Transcribe only what runs from the line containing "Plate 3. Homalomena" through the final line below, exactly, and leave every picture out.

---------- Input records ----------

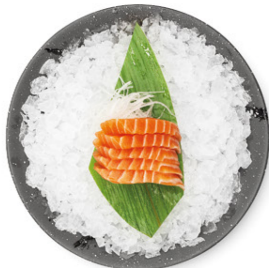
Salmon sashimi / GF / 8.5
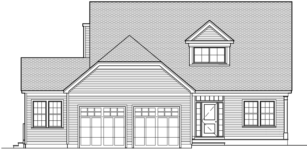
The Preston I Craftsman Edition Front Elevation 1,896 SF 2,020 SF (with Optional Sunroom)

Drawings are Artist's renderings shown with approximate dimensions and may change without notice. Some homes will be built as a mirror image depending on unit location and specific site conditions. See Sales Agent for details.
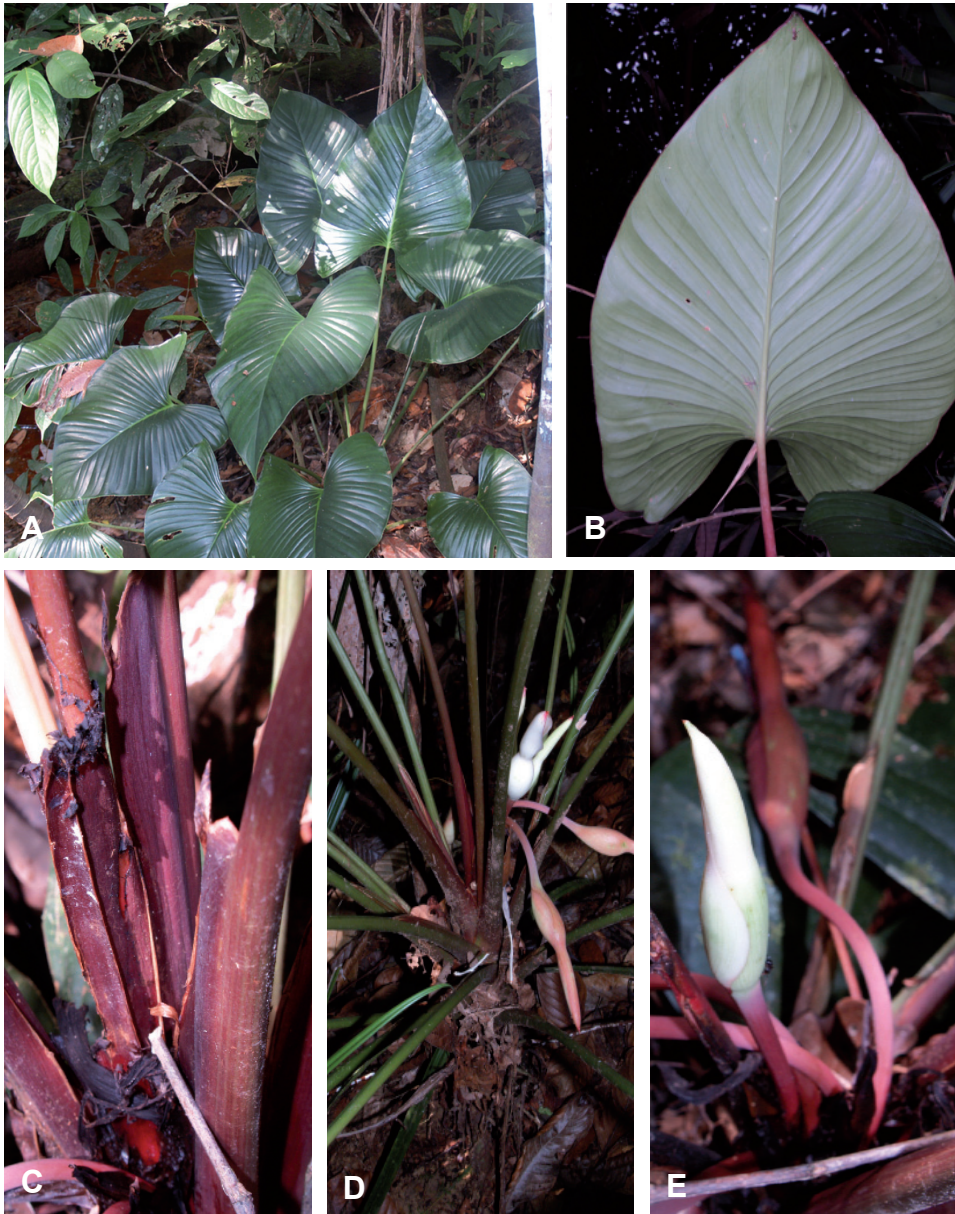
Plate 3. Homalomena josefii P.C.Boyce & S.Y.Wong. A. Overall plant; B. Abaxial leaf lamina pale green, with red petiole; C. Red petiole bases; D. Petioles in green form with inflorescences and infructescences; E. Emerging inflorescence bud with declinate infructescences.
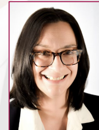
Trust A-VP (S. Yorks)

----------

Problem solution =
Plate 3. Homalomena josefii P.C.Boyce & S.Y.Wong. A. Overall plant; B. Abaxial leaf lamina pale green, with red petiole; C. Red petiole bases; D. Petioles in green form with inflorescences and infructescences; E. Emerging inflorescence bud with declinate infructescences.
Trust A-VP (S. Yorks)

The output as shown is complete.